General secretary Amy Leversidge said: “With 60% of electoral constituencies having over 500 residents employed by aviation, candidates – especially those near airports – should take note of Balpa’s asks of the next government.

“Balpa looks forward to working with the next government to deliver these key policies that will enable our aviation industry to continue thriving, employing highly skilled workers on fair terms and connect our airlines with the world.”
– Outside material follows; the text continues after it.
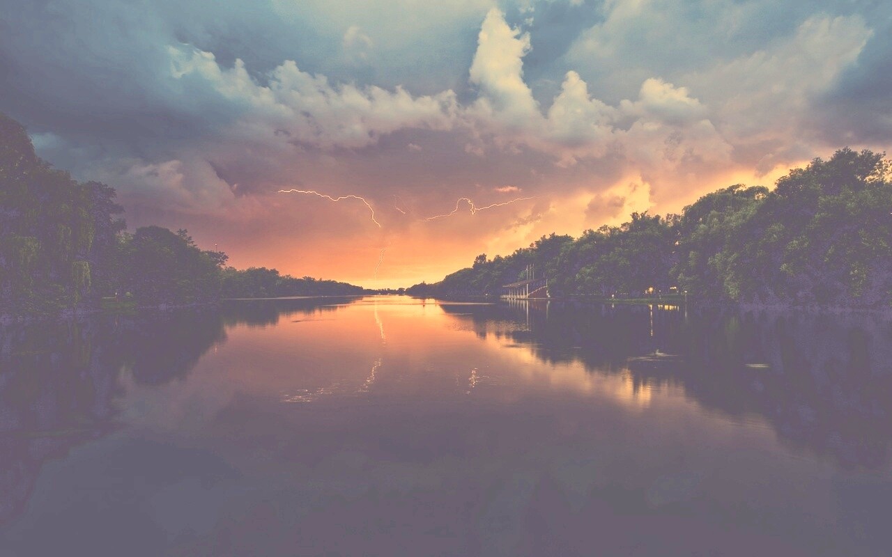 «Молнии на фоне заката, стандартные обои mac»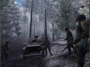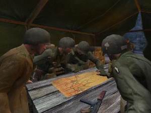 Na začátku proběhne porada (obr. 1), pak následujte vaše bojovníky. Spolu s nimi se střetnete s nepřítelem. Schovejte se za kládami , je zbytečně střílet na nepřítele, když máte jenom 10 kulek. Vaše skupina neudrží pozici, protože se objevili nepřátelské Tigery. Utíkejte zpět k místu, odkud jste začali, naskočte na jeep (obr. 2) a spolu s přeživší se prostřílejte přes německé obležení. Vašim jediným úkolem v jeepu je ostřelovat nepřátele, jinak se kochejte nádhernou krajinou.

Meanwhile, Karen Dee, chief executive of the Airport Operators Association, commenting on the aviation measures announced in the Labour Party’s general election manifesto, said: “We are pleased to see Labour commit to supporting sustainable aviation fuel and airspace modernisation, though more detail of just how they will do so is required. It is also welcome that there are no planned increases in aviation taxes or measures designed to restrict demand.

“It is important that airports can make best of use of their facilities however, the planning system often holds back infrastructure projects aimed at supporting economic growth, so it is positive that Labour has committed to ensuring it meets the needs of the modern economy. Further detail will be required, however, to see what the party would do in government.”

But she added: “We would have liked to see more policies aimed at encouraging visitors to come to the UK, for business and leisure, including arrivals duty-free, tax-free shopping and changing the rules around transit passengers requiring an ETA [Electronic Travel Authorisation].”

The Labour manifesto says it would “secure the UK aviation industry’s long-term future, including through promoting sustainable aviation fuels, and encouraging airspace modernisation”.

The Conservative manifesto pledges to “support the growth and decarbonisation of our aviation sector” and backs British sustainable aviation fuel through its SAF mandate, an industry-backed revenue support mechanism and investment in future aviation technology. 

“We will support domestic flights including through Public Service Obligations, protecting vital routes within the UK, including to islands and remote areas,” the Tory party adds.

The Liberal Democrats say they will “invest in research and development to make the UK the world leader in zero-carbon flight” but “take steps to reduce demand for flying”.

The Green Party pledges to push for a frequent flyer levy, ban domestic flights that would take less then three hours by train and halt the expansion of new airport capacity.

Reform UK’s charter does not mention aviation but calls for an improvement of existing rail and road links.